Os grafiteiros Iran e Cain dividem o espaço com placas e publicidade numa parede da Ilha do Príncipe, no Centro de Vitória. A dupla usa tag e personagem para estabelecer um contato com quem passa pela rua

Os primeiros grafiteiros da Grande Vitória também dançavam, cantavam e pintavam pelas ruas e paredes da cidade. Há mais de vinte anos, começavam a aparecer os primeiros grafiteiros capixabas. Entre eles, Edson Sagaz, que, em 1989, comprou duas latas de spray – uma vermelha e outra azul – para dar início às primeiras intervenções coloridas no cinza das edificações urbanas. Ao longo da década de 90, personagens como Cyborg, Chicão, Alecs Power, Sandrinho, Aloyr e Fredone Fone surgiram, acrescentando técnicas que, na virada do século, formaram a identidade estética da arte urbana local. Os graffitis que vemos por aí podem ser classificados por seus estilos e praticantes. Por exemplo, artistas como Fagundes e AQI desenvolvem o Realismo, enquanto Moska, Kika e Giu dominam os Personagens.
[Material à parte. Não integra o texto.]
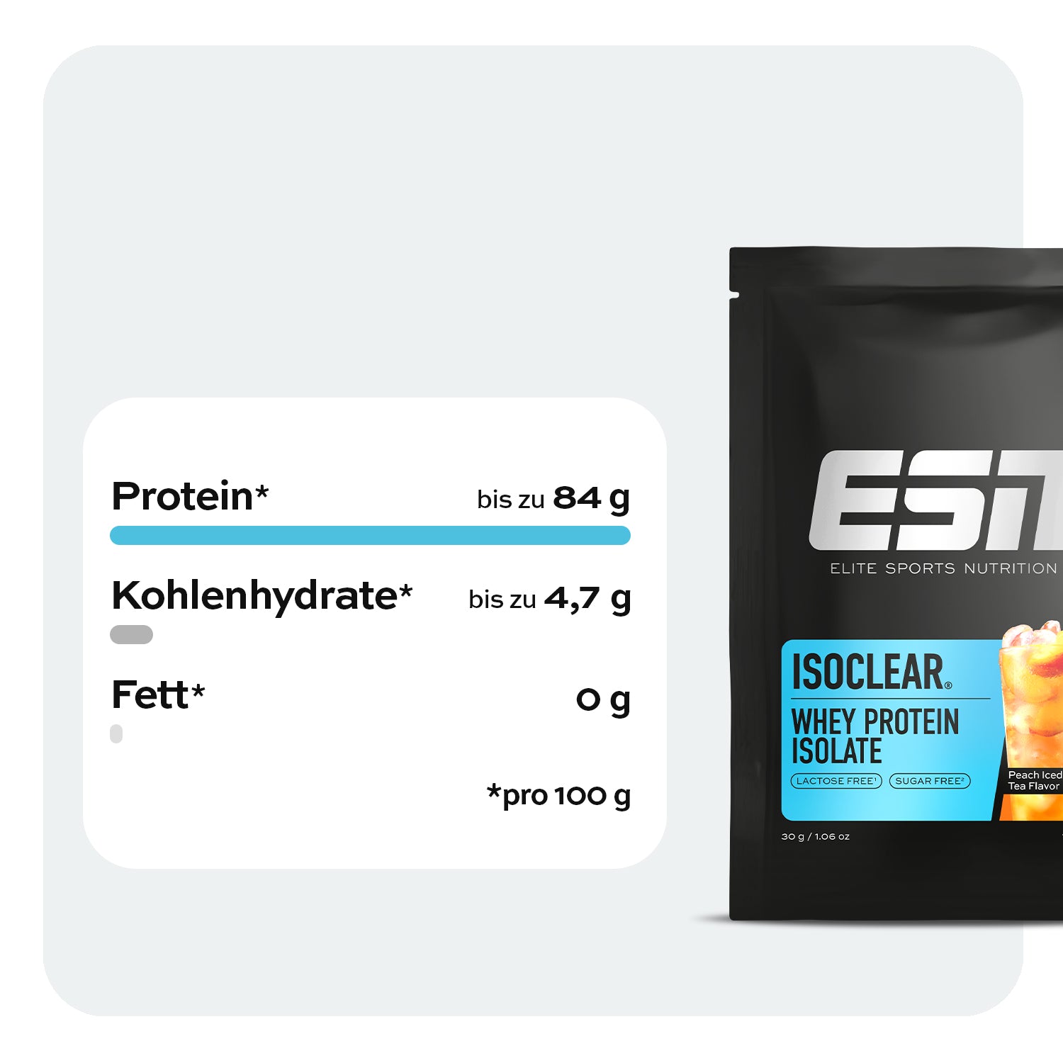 Try germany’s no. 1 clear whey: Isoclear®.1 Deutschlands Nr. 1 Clear Whey gibt’s jetzt in der praktischen Probierbox: Erlebe Protein-Power in 5 erfrischenden Bestseller-Sorten, die je nach Flavor wie ein Eistee, eine Limo oder ein Softdrink schmecken – ohne Fett, Zucker und Laktose.1,2
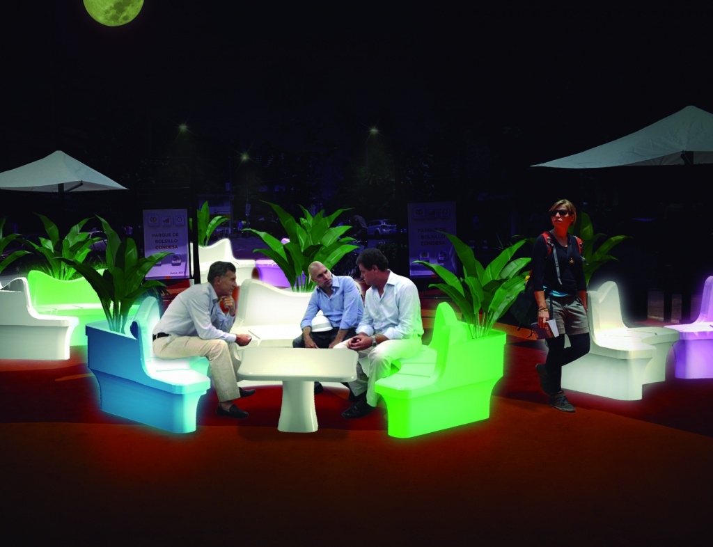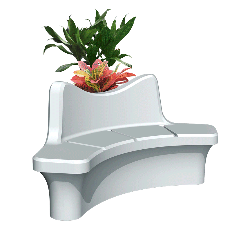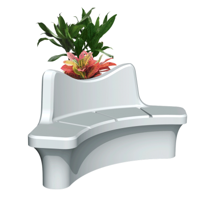 Sistema modular de bancas para colocarse y adornar interiores o exteriores. La forma curva en su diseño permite crear infinidad de combinaciones de acuerdo al espacio disponible. Luz interior (opcional) que añade total elegancia. En dos versiones: con o sin macetero en el respaldo. Fabricadas en plástico de ingeniería. Con protección U.V. y antigraffiti. Con hidromacetero. Combinaciones de luz interior que añade total elegancia (opcional). Sistema de audio interno por medio de Bluetooth (opcional).
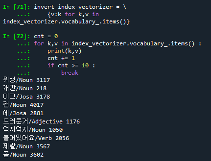 # invert_index_vectorize : {형태소인덱스 : 형태소 단어값}
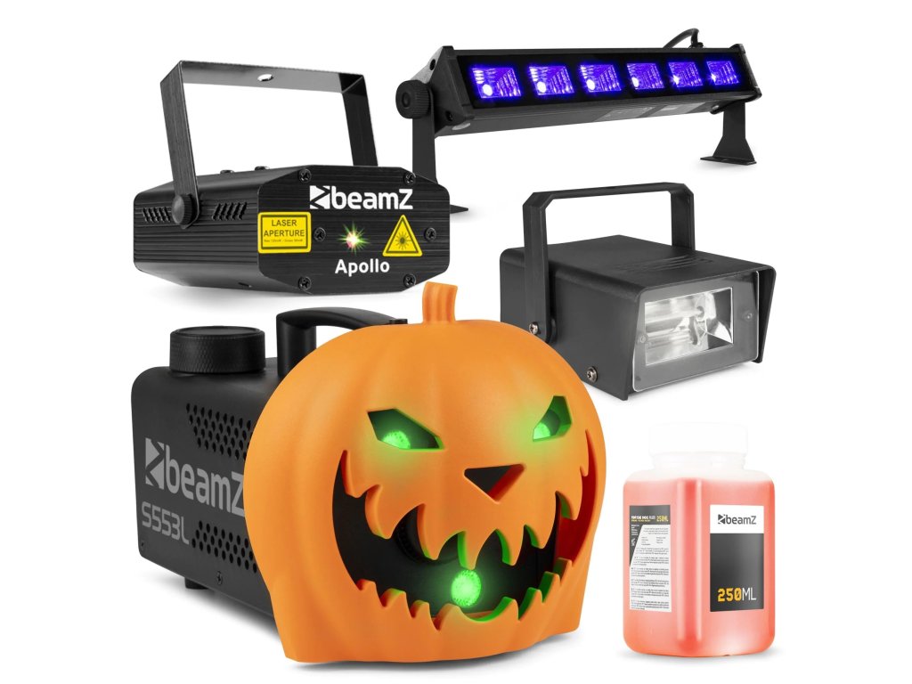 Výhodný set výrobníka hmly BeamZ S553L Halloween Edition 550W s nasadzovacou tekvicovou hlavou, LED svetelnými efektmi a diaľkovým ovládaním, kvapalinou do výrobníka hmly 250ml, UV LED barom BeamZ BUV63 6x3W UV LED, stroboskopom BeamZ BMS50 Mini Strobe a laserom BeamZ Apollo Multipoint Laser zelená / červená.
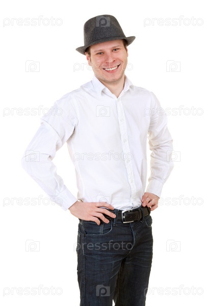 Молодой человек в шляпе, изолированный на белом фоне
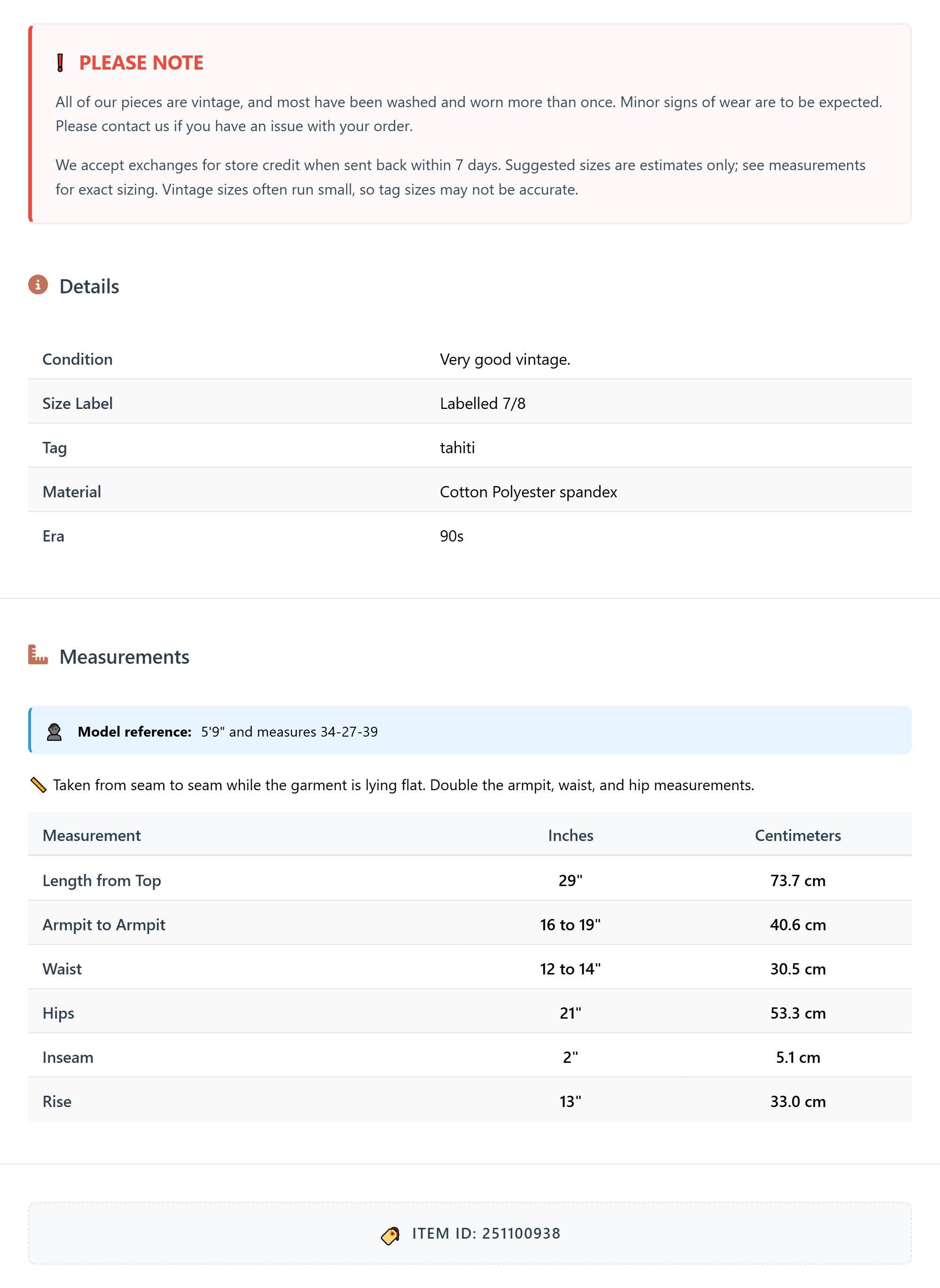All of our pieces are vintage, and most have been washed and worn more than once. Minor signs of wear are to be expected. Please contact us if you have an issue with your order. We accept exchanges for store credit when sent back within 7 days.

Smoke e Maik trabalham mais com o Freestyle. As Letras são especialidade de Alecs Power e Japão. No entanto, o estilo clássico da Tag todos dominam. Porém, para essa arte ser decodificada, é preciso conhecer os códigos da cultura hip-hop. As mensagens descritas nas obras dos grafiteiros são uma verdadeira “queda-de-braço” com o poder constituído, tendo em vista a sociedade descrita pelo filósofo francês Michel Foucault, pois os integrantes de tal cultura não compram ideias prontas. Há a necessidade de produzir algo para o seu próprio consumo. É necessário colocar a cara a tapa sem a necessidade de obter sucesso. Entretanto, a aceitação faz parte do objetivo de qualquer tipo de arte, mesmo que isso não seja declarado. O artista quer aplausos, quer reconhecimento. Entre esses artistas estão os grafiteiros. Marginais, os seus quadros são os muros - a sua janela para o reconhecimento a partir dos transeuntes das ruas das cidades. Se o poder constituído não lhes cedeu espaço, eles retomaram um modo de exprimir suas angústias e sentimentos. Da mesma forma que as pinturas rupestres, o graffiti é um reflexo estético dos anseios do homem, se fazendo notar por seu caráter primordial: encher de desenhos coloridos os espaços da vivência humana.